According to a study published in the journal Work, Employment and Society, no matter how much more a woman earns or works outside of home, they are still in charge of the bulk of the housework.
Nevertheless, income did make a difference, where men who earned less than their partners did significantly more housework as compared to men who earned more than their partners.
The study via face to face interviews with 36 partnered women and 12 partnered men, and all the interviewees had at least one child under 14 years old. The respondents included a mix of both women and men earning more than their partners.
On average, men whose partners earned more carried out more housework than other men, although women in these partnerships still did more.
Despite coming to a consensus that the housework should be shared, with the exception of one lady who said that her partner does the majority of the housework, all respondents reported that the women were mainly responsible for the housework or that both partners shared the responsibility.
It was also found that low-earning men were more willing to pick up the chores compared to the high-earners, who were more likely to hire domestic help to take up the chores instead.
Dr.
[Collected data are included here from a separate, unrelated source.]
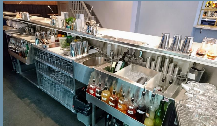
Cottonmouth, Nottingham – Back of Bar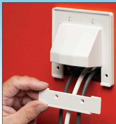
CER2 with Scoop facing OUT & lower plate removed.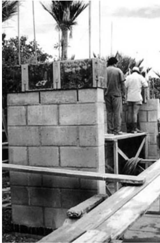
New Zealand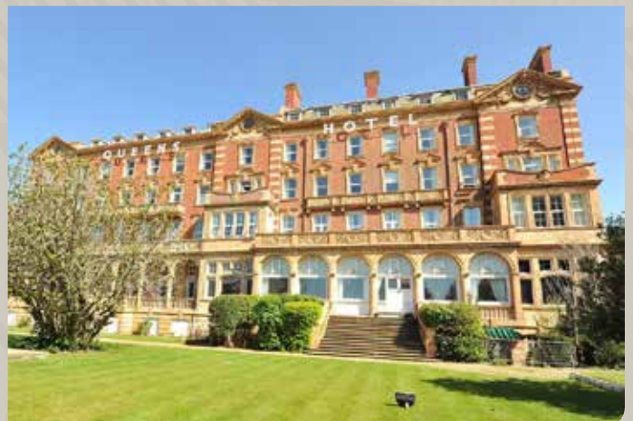
Queens Hotel, Portsmouth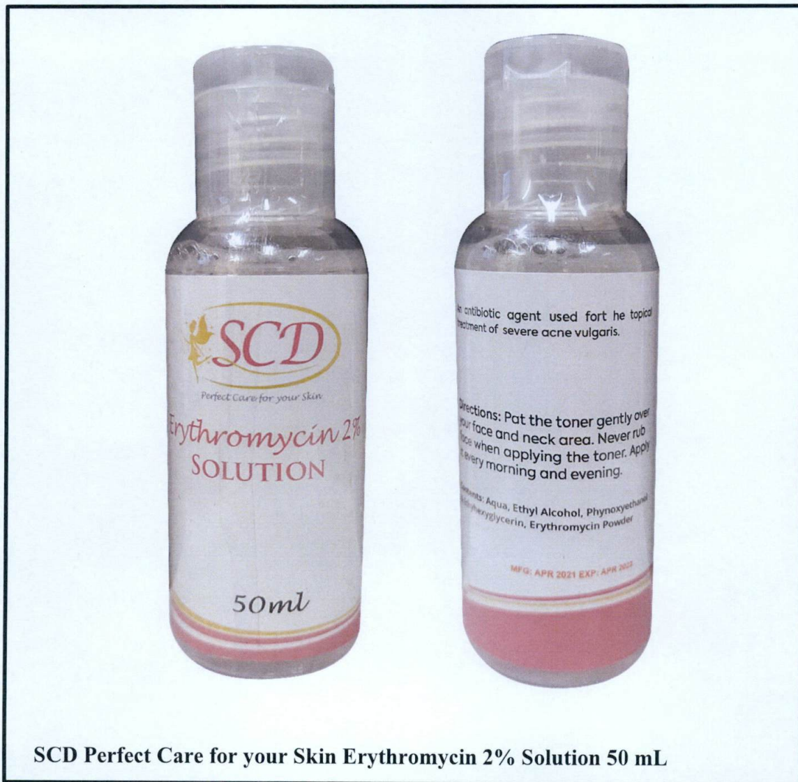
Figure 1: Unregistered drug product

The Food and Drug Administration (FDA) advises the public against the purchase and use of the unregistered drug product: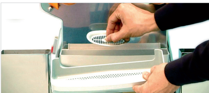
19. Insert both juice filters.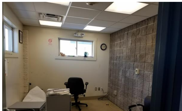
Physician and Staff Office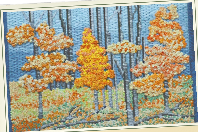
ANN CRAM "ROADSIDE"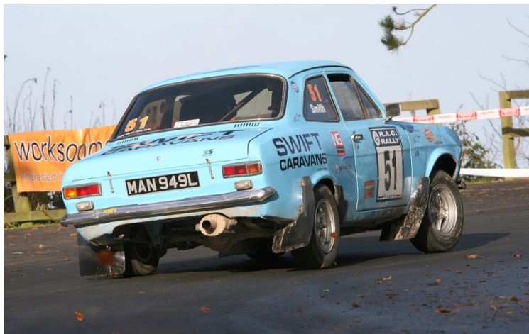
..... and also took fourth in Class on the 2009 Roger Albert Clark Rally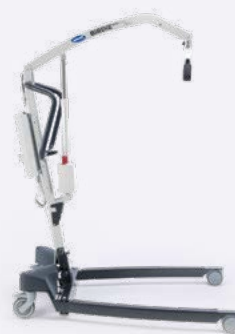
Birdie EVO PLUS

A smaller size allows the Birdie EVO COMPACT to easily operate in environments where space is limited.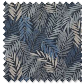
Samora Printed Linara 5 Colours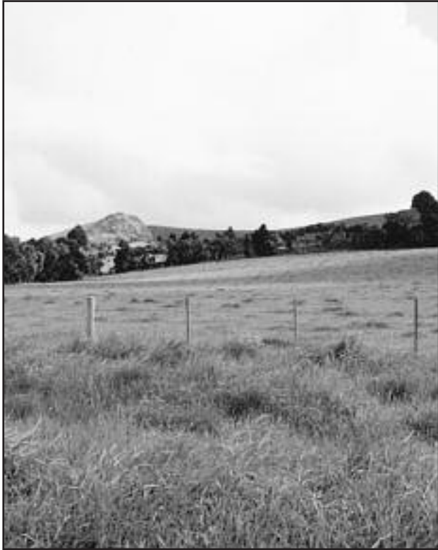
The original Kelly block at Beveridge where Ned was born in a long-vanished house.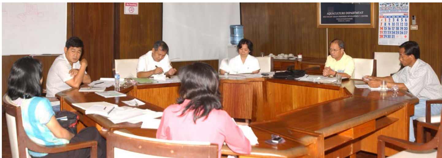
Management Committee Meeting, 26 May 2006

Clare Lyonette, a researcher at the Institute for Employment Research, who led the study, wrote, “The pressures on women to take responsibility for housework remain considerable, despite the increase in women’s ‘breadwinning’ capacities.”
“However, the pressures of full-time employment, particularly professional and managerial occupations, are incompatible with domestic responsibilities for both men and women. If men continue to work long hours, and many women are effectively forced to work part-time, even those couples who want to share will find it impossible to do so.”
She added that until all men are willing to take on more domestic tasks, while allowing women to take on greater responsibility within the workplace, any hoped-for progress in gender equality is likely to stall at the workplace.